The Scottish Chambers of Commerce and other business groups have welcomed a review into business rates, which has been announced by the Scottish government.
However, concerns have been raised over whether parity with England will be maintained.
The review, according to finance secretary John Swinney, will allow a more transparent system to be established.
The three-month review will assess whether local authorities should be able to enact more control over the rates, according to local conditions. Under its present format, all decisions are made at Holyrood.
He also announced that a revaluation will take place, but not until 2017. Swinney went on to say that it would form the basis of a wider examination of business charges should the country become independent of the UK.
CBI Scotland welcomed the decision, claiming that the majority of businesses in Scotland would benefit from the status quo.

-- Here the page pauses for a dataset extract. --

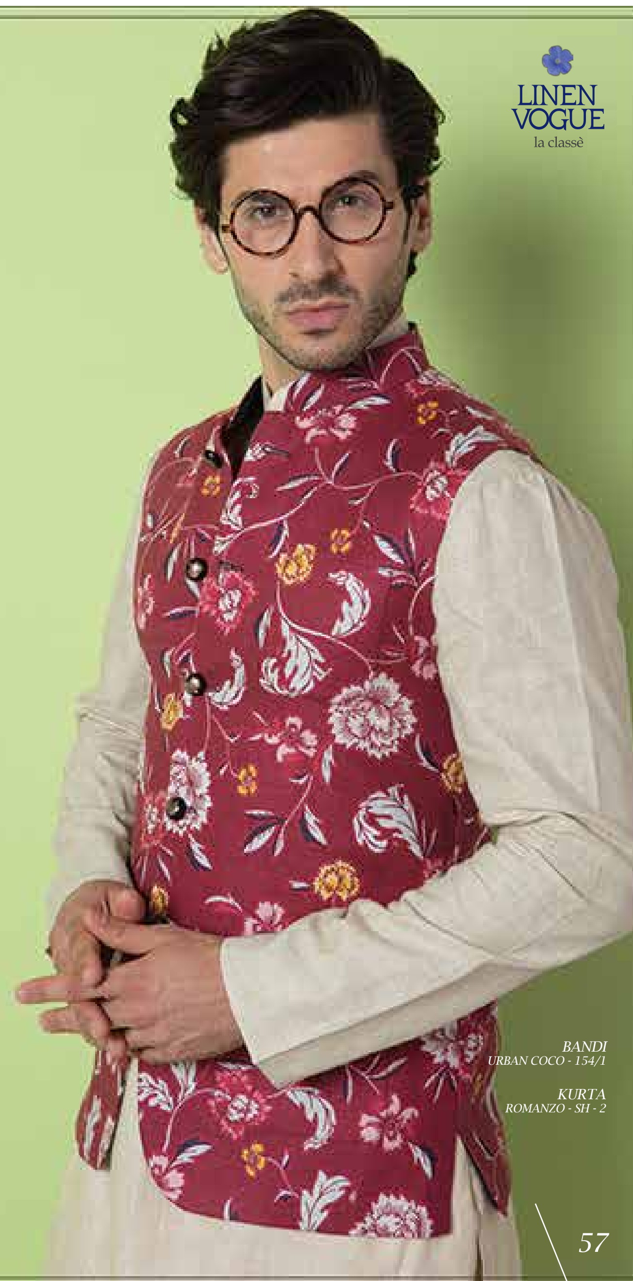
BANDI URBAN COCO - 154/1

However, director Iain McMillan did warn that one sector would be adversely affected; he said:
“Unfortunately for retailers, the exact opposite is the case, as they remain burdened with a Scottish government-imposed supplementary £95m retail rates levy which simply doesn’t apply down south.”
The retail sector has been one of the hardest hit in Scotland, with rates a common subject of debate. Whilst many have found new initiatives to continue operating, including factoring, others have gone to the wall.
Many feel the complex nature of business rates and premiums are partly to blame for the high number of failures.
The review, the CBI said, is a silver-lining which could help to ease the issues.